Room: 9 West 3.02
Tel: +44 (0) 1225 386349
Interested in supervising students studying:
- Molecular simulation of adsorption and diffusion
- Adsorption applications
- Characterisation and design of porous solids
Professor Tina Düren
Dipl-Ing, PhD, AMChemE
Professor Tina Düren received her undergraduate degree and PhD in Chemical Engineering from Hamburg University of Technology, Germany. After spending two years as a postdoctoral researcher at Northwestern University, Evanston, USA, she joined the University of Edinburgh as a lecturer in Chemical Engineering in 2004 before joining the University of Bath as a professor in Chemical Engineering in 2014.
In her research, Tina uses molecular simulation techniques to design innovative porous materials with properties tailored for specific adsorption applications. She is looking at a wide range of applications from carbon capture and hydrogen purification to liquid phase adsorption, nanomedicine and heterogeneous catalysis. Reflecting the interdisciplinary nature of the research, collaborations with researchers across the world with a wide variety of expertise ranging from material chemists synthesising porous materials to engineers interested in their applications, play an important role.
Molecular simulation allows gaining molecular-level insight into adsorption and diffusion phenomena in nanoporous solids such as metal-organic frameworks (MOFs), zeolites and mesoporous oxides. Using molecular simulation, macroscopic adsorption properties such as the uptake of a gas or the mixture selectivity (a measure of how well a solid discriminates between different components in a mixture) can be predicted.

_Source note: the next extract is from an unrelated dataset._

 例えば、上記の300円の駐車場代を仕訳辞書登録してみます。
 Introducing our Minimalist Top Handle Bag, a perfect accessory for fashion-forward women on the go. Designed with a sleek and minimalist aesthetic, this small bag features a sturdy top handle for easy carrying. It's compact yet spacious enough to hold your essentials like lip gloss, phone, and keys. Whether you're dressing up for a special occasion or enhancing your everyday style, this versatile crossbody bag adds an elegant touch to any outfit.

More importantly, the simulations yield a detailed picture on the molecular scale, which is not easily accessible with experimental methods but allows understanding the fundamentals and assessing which molecular-level properties are responsible for the performance of a porous solid. This insight is invaluable for finding promising materials for a particular application and ultimately can help to develop better materials. Molecular simulation also works hand-in-hand with experiments to characterise porous materials and to understand what is observed experimentally.

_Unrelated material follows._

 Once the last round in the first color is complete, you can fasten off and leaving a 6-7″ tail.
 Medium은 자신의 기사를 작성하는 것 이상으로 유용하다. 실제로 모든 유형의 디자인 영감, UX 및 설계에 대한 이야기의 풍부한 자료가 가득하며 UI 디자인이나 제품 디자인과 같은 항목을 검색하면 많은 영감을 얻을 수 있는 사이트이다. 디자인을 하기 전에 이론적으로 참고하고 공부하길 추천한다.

Recent work includes integrating molecular simulation results in process simulation tools to assess e.g. the suitability of MOFs for hydrogen purification, developing methods to accurately describe adsorption on open metal sites which can be exploited for carbon capture or the storage and release of biologically active molecules such as NO, and the description of adsorption induced flexibility. Tina is also interested in different aspects of modelling synthesis and self-assembly processes of porous solids.